CNPG recovery from Garage

This is the load-bearing part of the rebuild. Do not skip the verification steps.

How it works

Each CNPG cluster under kubernetes/apps/databases/cloudnative-pg/config/<app>/ has three files that together drive recovery:

  • objectstore.yamlbarmancloud.cnpg.io/v1 ObjectStore pointing at http://garage.storage.svc.cluster.local:3900 with bucket s3://postgres-<app>-backup/. Credentials come from the per-app *-secret (synced from 1Password by the app's externalsecret.yaml).
  • cluster.yaml — the postgresql.cnpg.io/v1 Cluster. Two relevant blocks:
  • spec.bootstrap.recovery.source: source — tells CNPG to initialize a brand-new cluster by restoring from externalClusters[0].
  • spec.externalClusters[].plugin.parameters — references the ObjectStore by barmanObjectName and serverName.
  • scheduledbackup.yaml — the recurring backup that produced what you're now restoring.

bootstrap.recovery only fires on first cluster creation. If a PVC already exists for the cluster, CNPG will resume from local data, not from Garage. That's why teardown wipes Ceph — it forces a true first-creation on the way back up.
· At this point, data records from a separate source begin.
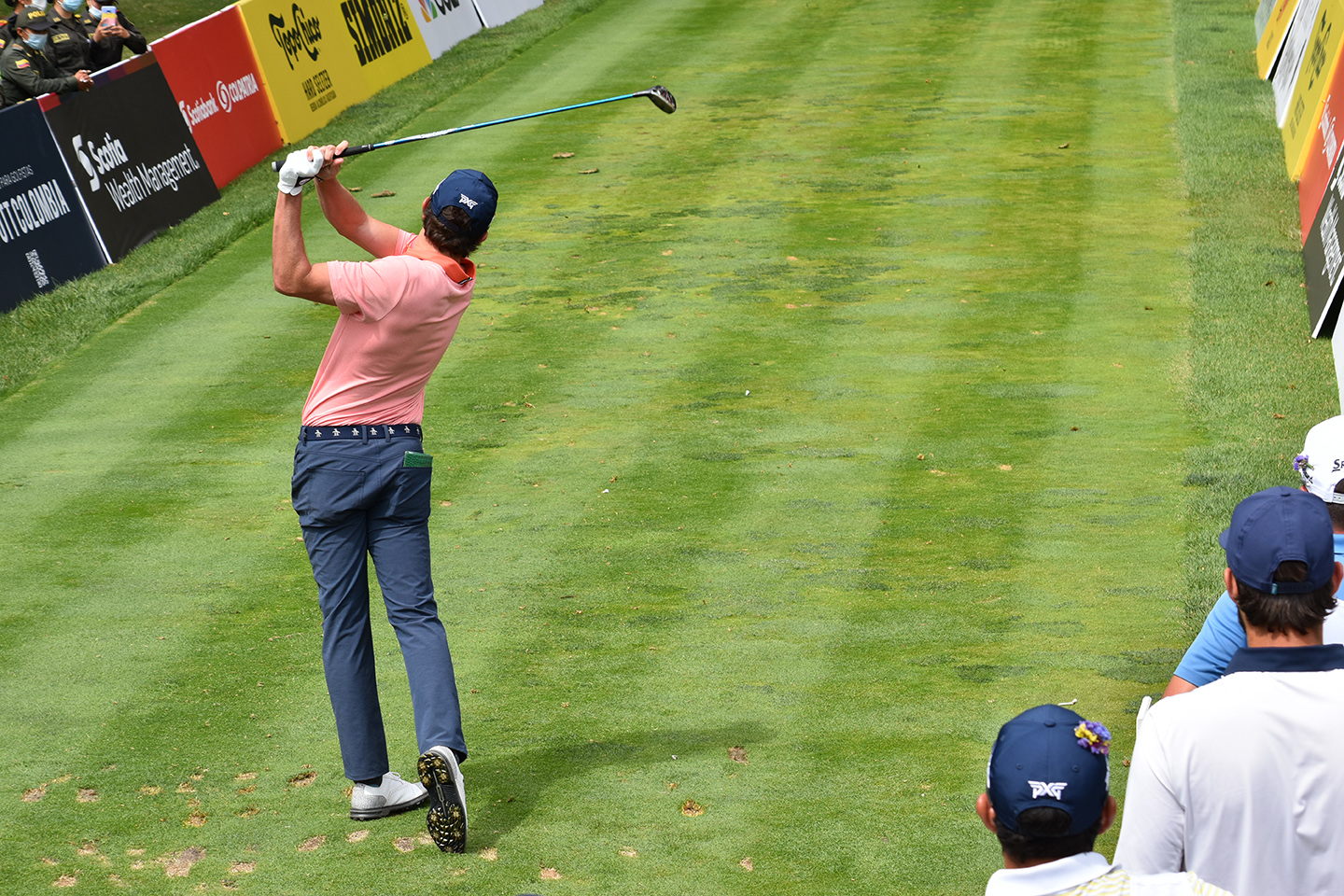 El colombiano Nicolas Echavarría, que inicio jugando la primera vuelta con -4 hasta el hoyo 7 donde hace su primer bogey, para terminar con una ronda de 69 golpes y quedar con (-11) y ubicarse en la posición 13.
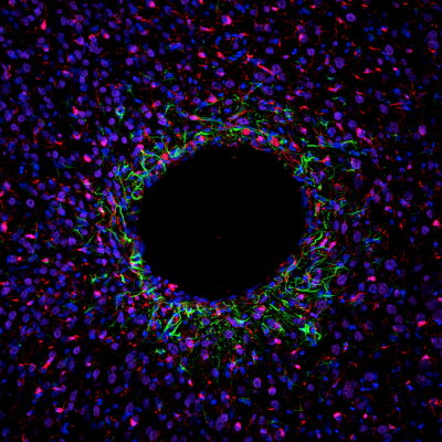 Photo: MiNDS probes cause minimal injury to brain tissue. This picture shows minimal tissue scarring (green and red stains) and healthy neuron growth (purple) surrounding the implant. Credit: Khalil Ramadi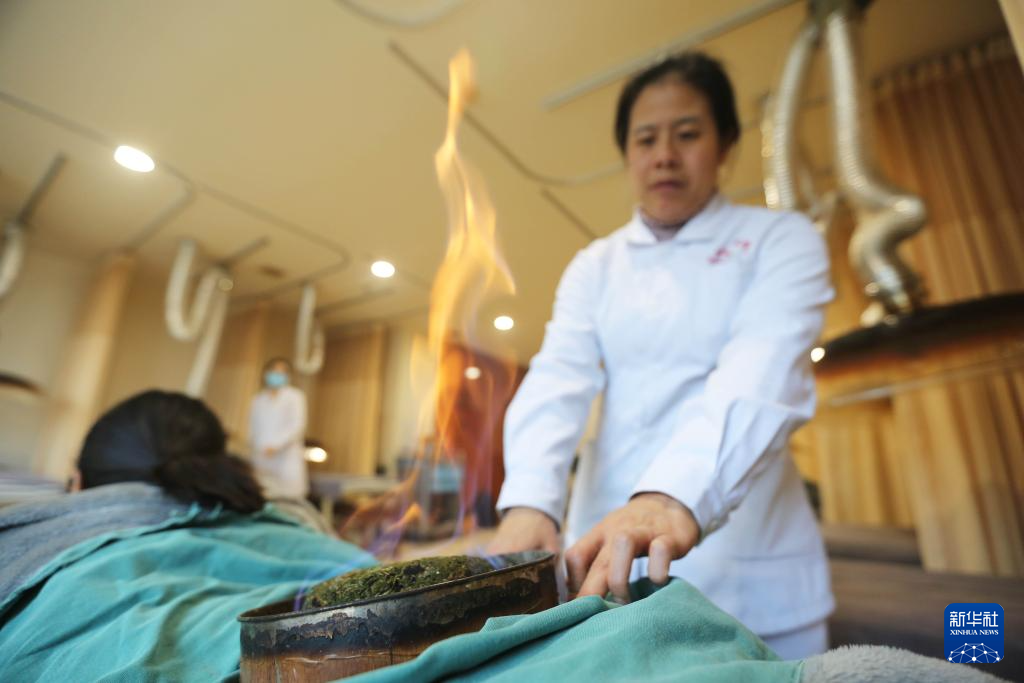 2026年1月8日是“三九”第一天,在甘肃省定西市中医医院,医生用艾灸为患者进行“冬病冬治”。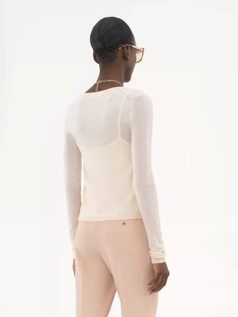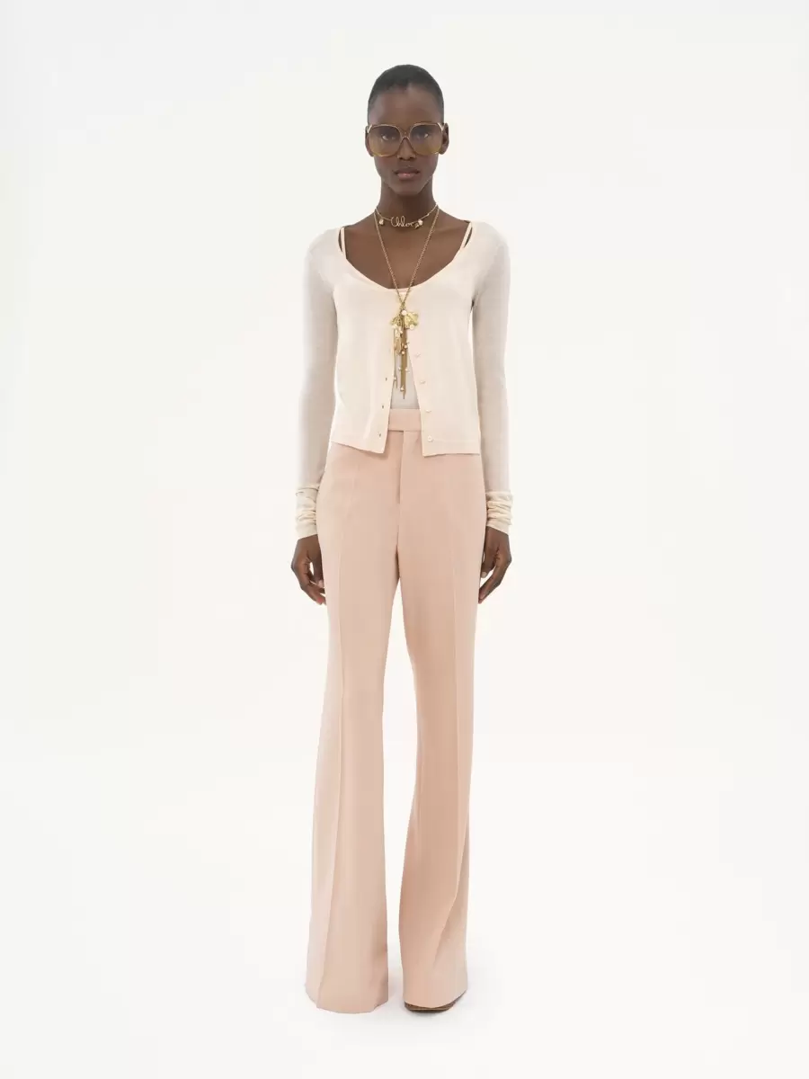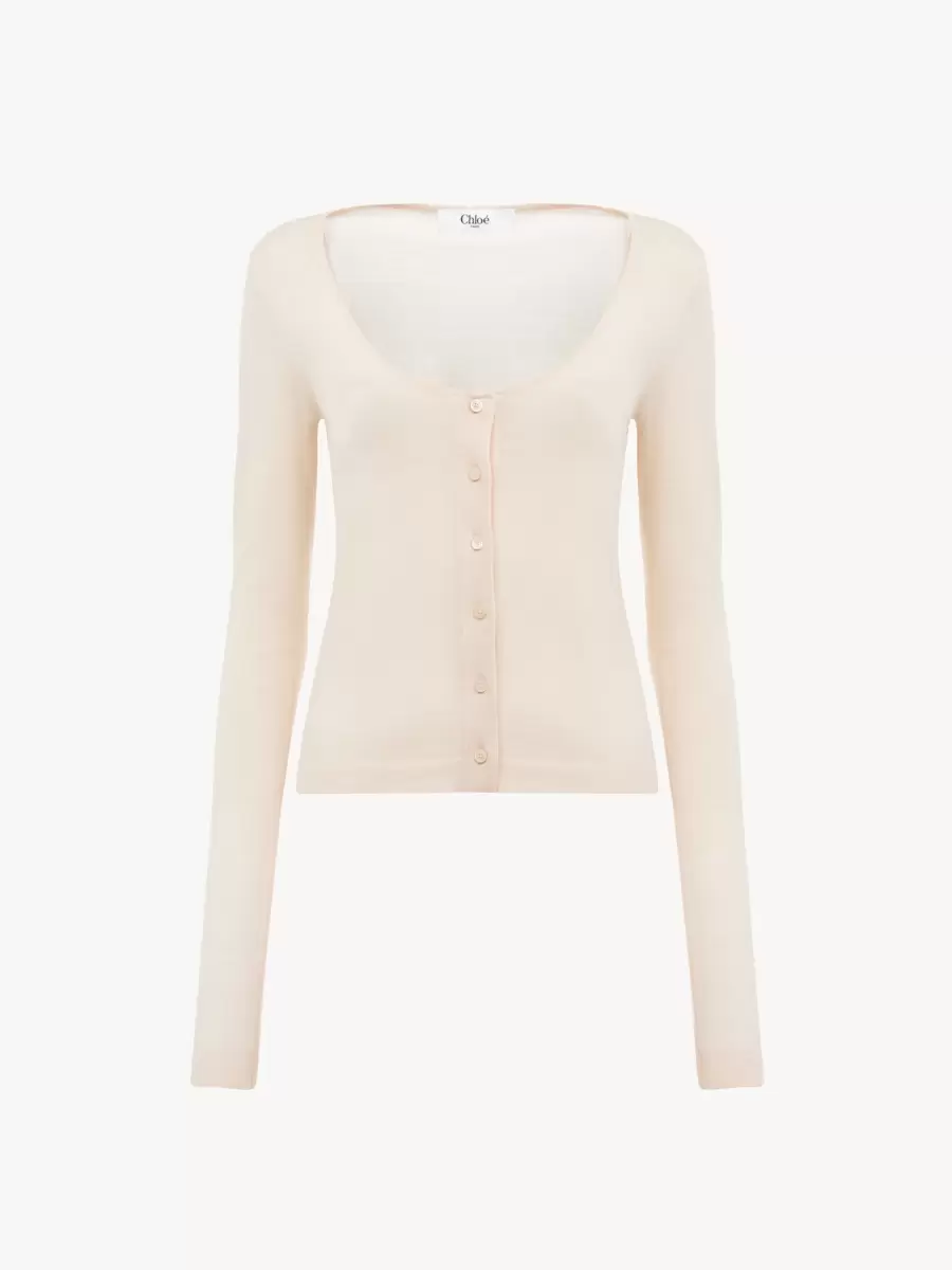 Ön kısmında sedef düğmeler ve sol kalçada tonlu Chloé logosu işlemesi bulunan, düşük etkili süper ince yünlü nervürlü örgüden, yuvarlak yakalı, vücuda oturan hırka.

State of the bootstrap blocks

CNPG clusters fall into three groups today. Verify with:

for f in kubernetes/apps/databases/cloudnative-pg/config/*/cluster.yaml; do
  name=$(basename "$(dirname "$f")")
  if   grep -qE '^[^#]*recovery:' "$f"; then echo "PRE-ARMED:  $name"
  elif grep -qE '^\s*#\s*recovery:' "$f"; then echo "COMMENTED:  $name"
  else                                       echo "NO_RECOVERY:$name"
  fi
done

Pre-armedbootstrap.recovery is un-commented. No-op while the cluster exists; ready to recover on next bootstrap:

  • atuin, home-assistant, immich, lldap, paperless

Commented — block exists in the file but is commented out. Uncomment before the relevant Flux Kustomization runs on rebuild:

  • cutvideo, medikeep, netbox, pump, romm, sparkyfitness, the media-pull-stack apps

No recovery block at all — these clusters have never been wired for Barman recovery. Add a bootstrap.recovery block (and confirm an ObjectStore + ScheduledBackup exist) before any rebuild that needs them to survive:

  • authelia, av1corrector, khoj, langgraph-checkpoints, langgraph-memory, nametag, videodupfinder, zulip

For commented and no-recovery sets, edit cluster.yaml to include:

bootstrap:
  recovery:
    source: source

Commit and push so Flux sees it. (For a planned rebuild you can do this in advance on a branch and merge right before destroy.)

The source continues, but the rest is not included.